Ditto! I used (and still use) Minimal, Capriccio, and Grosso a ton for documentaries, commercials, a feature length film, trailers, live theatre, etc. They create a wonderful sonic "backdrop". I have never had a single issue with performance, and it all runs from my MacBook Pro using Logic X/Cubase 9.

On Netflix, there's a new film called "Braven". The opening theme is entirely based on a Minimal slow-strings pattern.


----------



## reutunes (Dec 14, 2018)

dzilizzi said:


> What would an ostinato percussion entail? I kind of wo
> 
> I think Grosso has 12/8, but yes, the rest are 4/4.
> 
> https://www.sonokinetic.net/comparisontable/



@Zoot_Rollo You can restart the patterns whenever you like and yes, you can turn off the bar sync etc to make things a bit easier. Perhaps you'll be interested in my demo for Sotto which is entirely in 7/8 time (even though Sotto was recorded in 4/4):


----------



## rottoy (Dec 15, 2018)

Da Capo at 60% off. Don't miss it! There's some LOVELY, useful sounds in there.
I'm still holding out hope so many years after buying that they will do a follow-up to Da Capo.


----------



## dzilizzi (Dec 15, 2018)

rottoy said:


> Da Capo at 60% off. Don't miss it! There's some LOVELY, useful sounds in there.
> I'm still holding out hope so many years after buying that they will do a follow-up to Da Capo.

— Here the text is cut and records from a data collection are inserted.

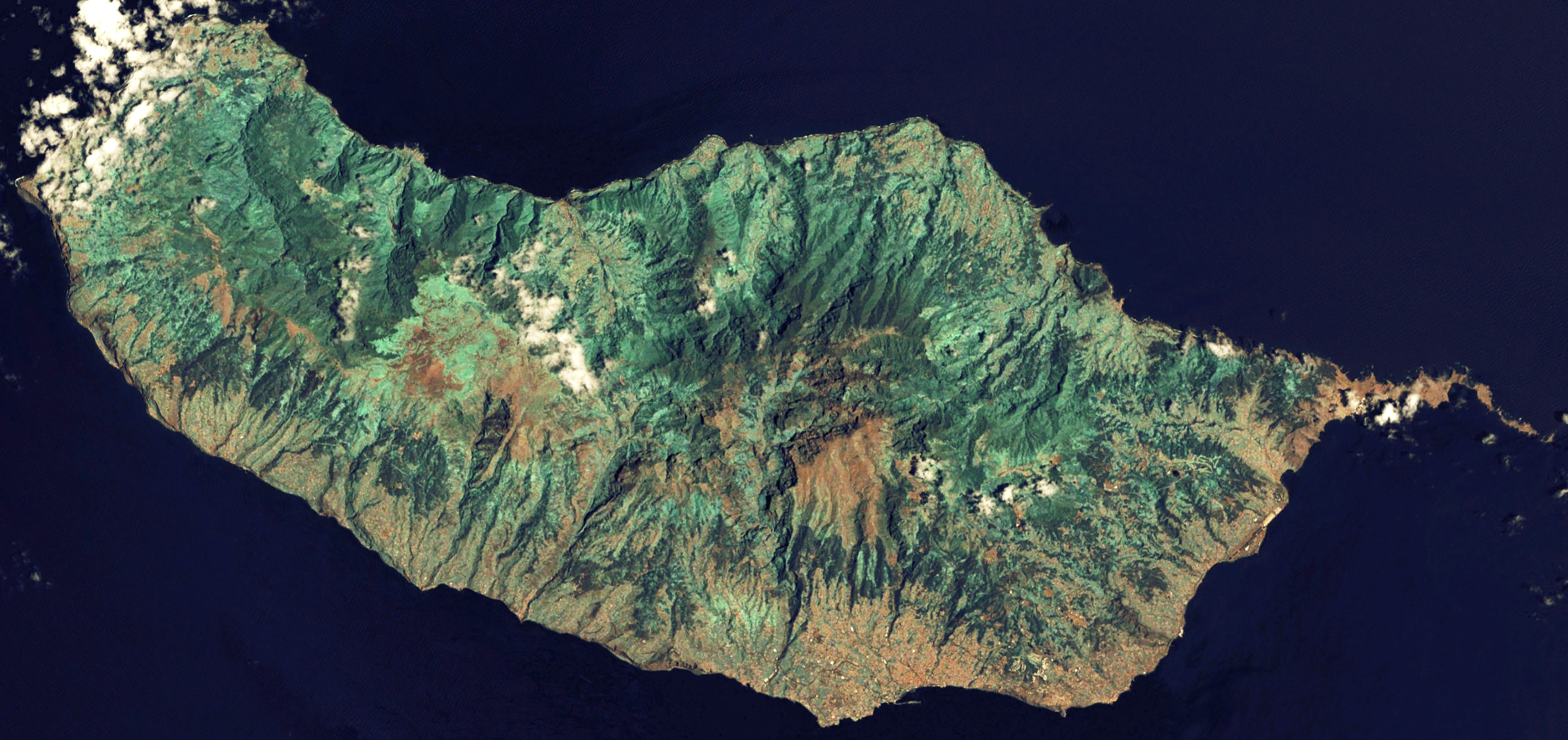 Satellite image of Madeira.
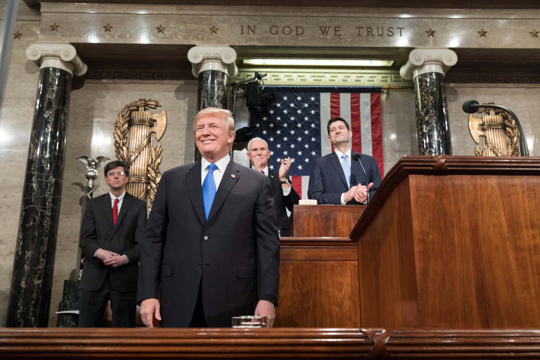 State of the Union 2018 (Official White House Photo by Shealah Craighead)
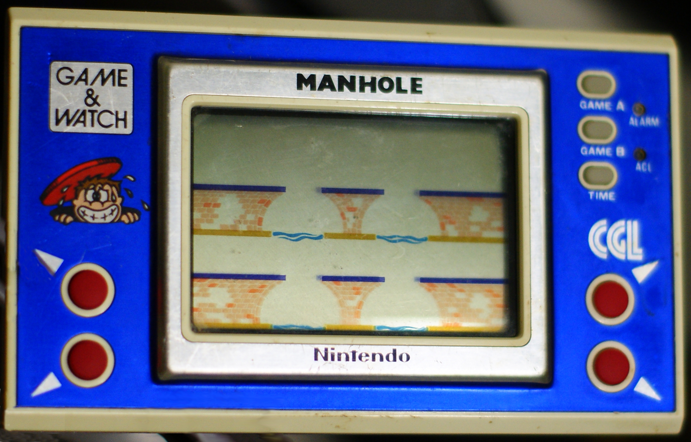 New Wide Screen series edition of the Manhole Game & Watch
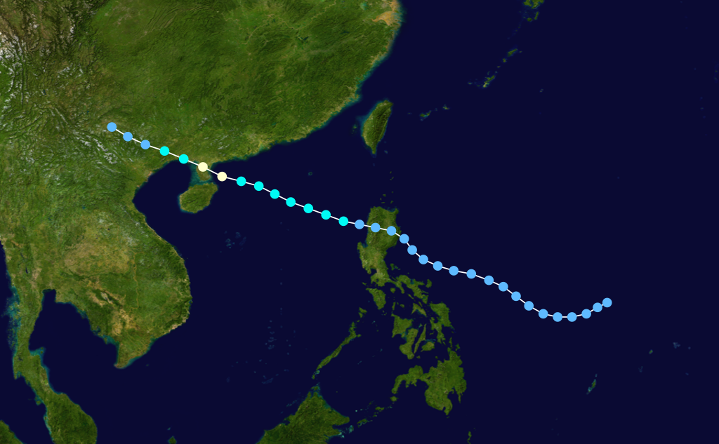 Typhoon Gary 1992 track. Uses the color scheme from the Saffir-Simpson Hurricane Scale.
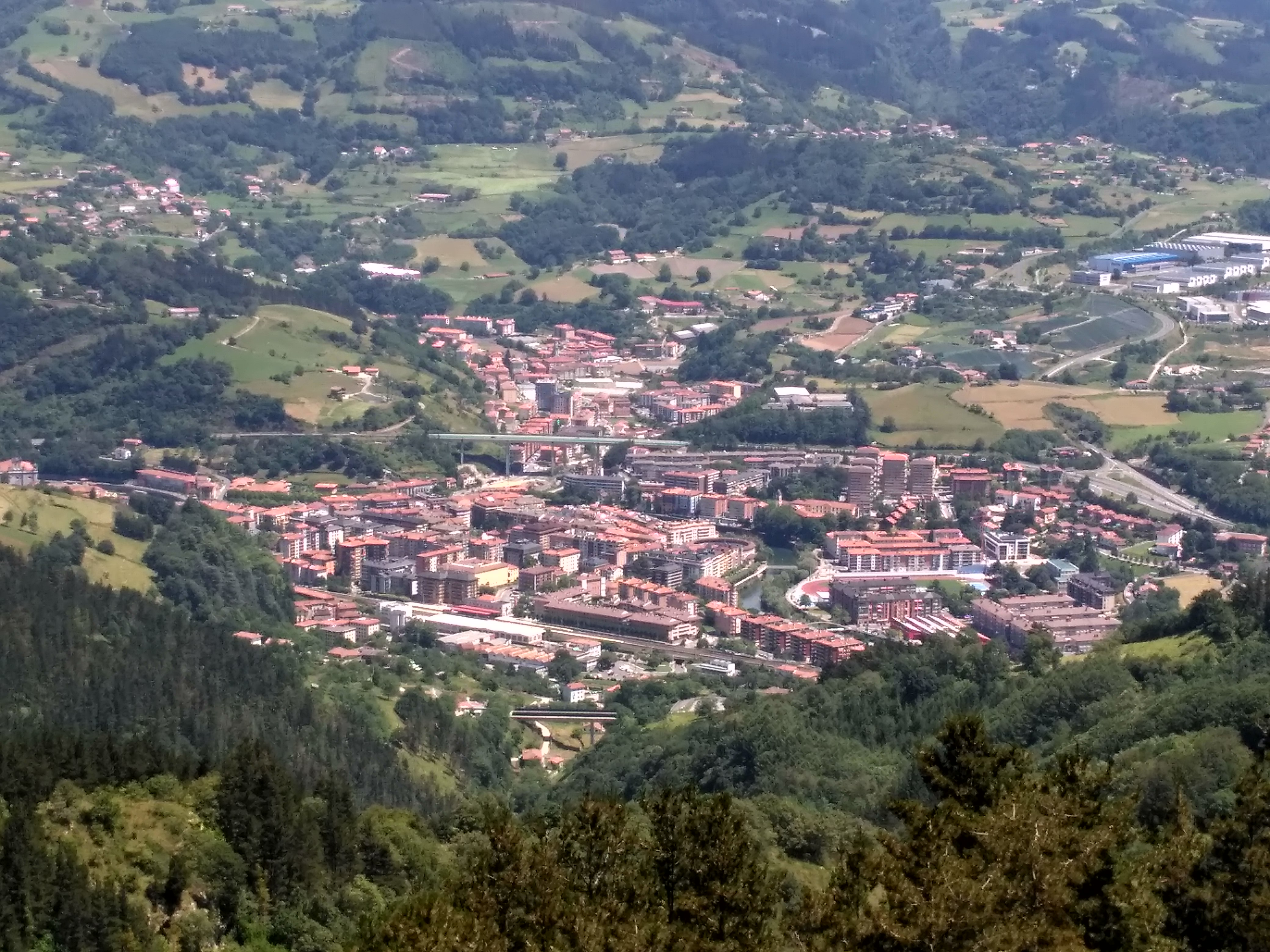 TolosaEuskara: Tolosa eta Ibarra udalerrien ikuspegia Urkizu auzoaren ingurutik.
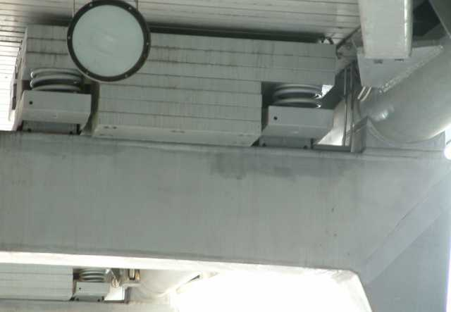 London Millennium Bridge - Damper beneath deck, north side - 240404.jpg Photo taken by & Copyright Tagishsimon 24th April 2004

I'm hoping for instruments to go with my woodwinds.


----------



## Kurosawa (Dec 15, 2018)

I hope for a deal of Minimal


----------



## Reid Rosefelt (Dec 15, 2018)

Kurosawa said:


> I hope for a deal of Minimal


Good chance, as there was a deal on Minimal every year from 2013-2016--but not last year.


----------



## Reid Rosefelt (Dec 15, 2018)

As today is Oud day, I've been exploring all my Oud virtual instruments to see if I really need this.

*EthnoWorld 6 *- Only a sustain articulation. But my favorite phrases, with strums that are easy and fun to play over. And I think it sounds really good.

*UVI World Suite *- 2 Ouds, but they only have sustain and tremolo articulations. World Suite does have a "traveller" section where you can combine your Oud loops with various other middle eastern instrument loops. Fun.

*NI Discovery Middle East* - More articulations than Sonokinetic's Oud, including Trem Short as well as regular Tremolo, Add Vibrato, Slide up and Slide Down, plus key switches that let you play the root, 5th, or 8ve--I assume this is so you can hit drone bass notes, as this is how people play Ouds. Unlike the Sono Oud, it doesn't have a harmonics articulation.

A lot more varieties of phrases, and the MIDI can all be dragged to your DAW in case you prefer the sound of another Oud. It also has an ensemble section where you can play lots of other middle eastern instruments at the same time. Not to mention strings and percussion. This library is my absolute favorite thing about Komplete 12, particularly the percussion. The only thing it lacks is multiple microphones.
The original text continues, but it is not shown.